TEMPO.CO, Jember - Pemerintah akan melakukan evaluasi terkait informasi banyaknya impor tembakau. Menurut Wakil Menteri Pertanian, Rusman Heriawan, tembakau impor dari beberapa negara, seperti Cina, Turki, dan India, yang membanjiri pasar Indonesia patut dihentikan. "Lucu, kita biasa ekspor, kok tiba-tiba sekarang impor tembakau. Pasti ada yang salah," katanya di sela kunjungannya di Kabupaten Jember, Jawa Timur, Selasa, 25 September 2012.

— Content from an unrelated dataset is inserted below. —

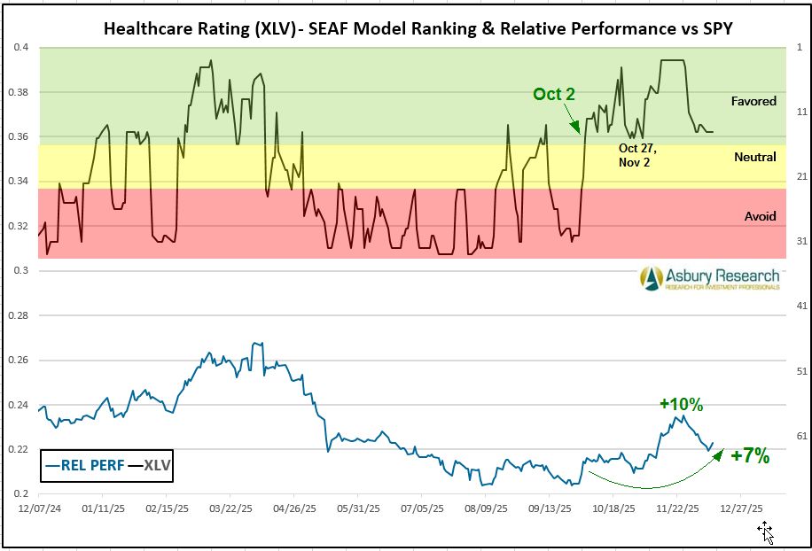 - Effective Monday 12/15, there is a new buy/overweight signal in the Health Care Select Sector SPDR Fund (XLV).

Data Badan Pusat Statistik (BPS) menyebutkan sepanjang Januari hingga Juli 2012, total impor tembakau asal Cina mencapai 45.507,44 ton dengan nilai US$191,4 juta. Indonesia juga mengimpor tembakau dari Turki sebanyak 5.009,2 ton senilai US$31,74 juta, dari India 6.308,02 ton senilai US$23,75 juta, dari Amerika Serikat 2.907,17 ton senilai US$21,43 juta, dari Brazil 2.517,02 ton senilai US$19,15 juta, dan dari negara lainnya dengan total 20.637,26 ton senilai US$94,96 juta.
Keseluruhan nilai impor tembakau selama Januari-Juli 2012 mencapai US$112,78 miliar atau meningkat 13,02 persen dibanding impor periode yang sama tahun sebelumnya US$99,79 miliar. "Makanya harus ada evaluasi secara menyeluruh dan lintas instansi untuk mengatasi soal ini. Tidak bisa dibiarkan terus terjadi," ujar Rusman.
Kementerian Pertanian, Rusman, menginginkan petani tembakau tidak dirugikan dan ikut melestarikan beberapa varietas tembakau yang mempunyai nilai historis, seperti tembakau Deli dan tembakau Besuki Na Oogst. Dua jenis tembakau itu, kata dia, bahkan pernah masuk dalam pelajaran Ilmu Bumi dalam kurikulum pendidikan beberapa tahun lalu. "Dulu dalam Ilmu Bumi terkenal tembakau bahan cerutu itu. Sekarang tembakau Besuki masih bertahan, sedangkan tembakau Deli sudah hampir punah," ucapnya.
Di sisi lain, pemerintah juga tidak menafikan ketentuan badan kesehatan dunia (WHO) bahwa mengkonsumsi tembakau berdampak buruk bagi kesehatan. Karena itu, upaya pembatasan konsumsi rokok dan kawasan-kawasan dilarang merokok tetap akan terus dilakukan. "Bahwa rokok berbahaya, kita setuju. Bicara tembakau harus jelas anglenya. Kalau untuk mempertahankan nilai historis, apa aib, salah atau berdosa? Atau petani menanam tembakau untuk diekspor, kenapa tidak?" tuturnya.